** Opening Given material block **
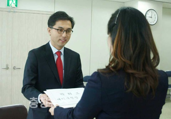 이어 오전 9시, 대덕구 선거관리위원회를 방문해 대덕구청장 후보 중 가장 먼저 예비후보로 등록했으며, 등록 직후에는 대덕구청을 방문해 구청직원들과 인사를 나눴다.
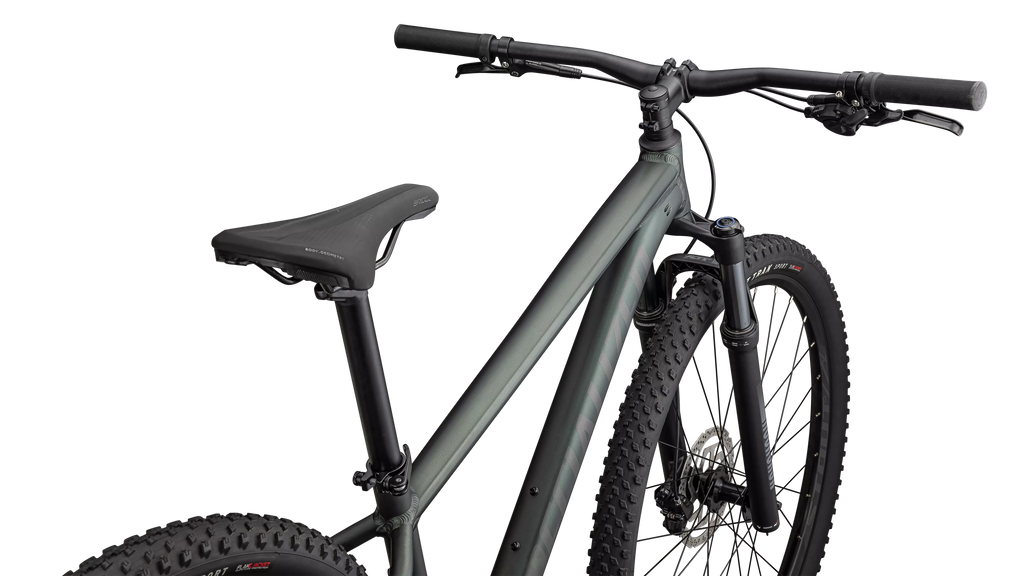 A heart of gold, presented in our lightweight yet durable Premium A1 Aluminum, the Rockhopper’s butted aluminum frame features hydroformed top and downtubes to keep weight low and strength high, all while providing increased standover clearance, slick internal cable routing, and dropper-post compatibility.
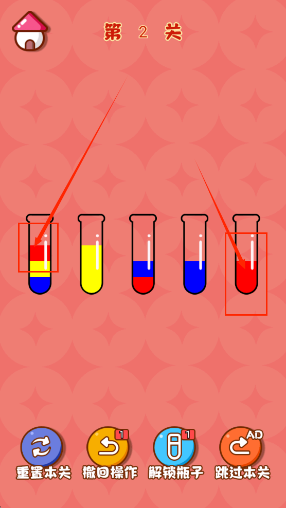 3、点击倾倒操作,通过简单点击完成液体转移,每一步操作都需谨慎,避免失误导致卡关。
** Closing Given material block **
* Assigned task
Pictures stay out of the copy; print the material above exactly.

* Answer section
 이어 오전 9시, 대덕구 선거관리위원회를 방문해 대덕구청장 후보 중 가장 먼저 예비후보로 등록했으며, 등록 직후에는 대덕구청을 방문해 구청직원들과 인사를 나눴다.
 A heart of gold, presented in our lightweight yet durable Premium A1 Aluminum, the Rockhopper’s butted aluminum frame features hydroformed top and downtubes to keep weight low and strength high, all while providing increased standover clearance, slick internal cable routing, and dropper-post compatibility.
 3、点击倾倒操作,通过简单点击完成液体转移,每一步操作都需谨慎,避免失误导致卡关。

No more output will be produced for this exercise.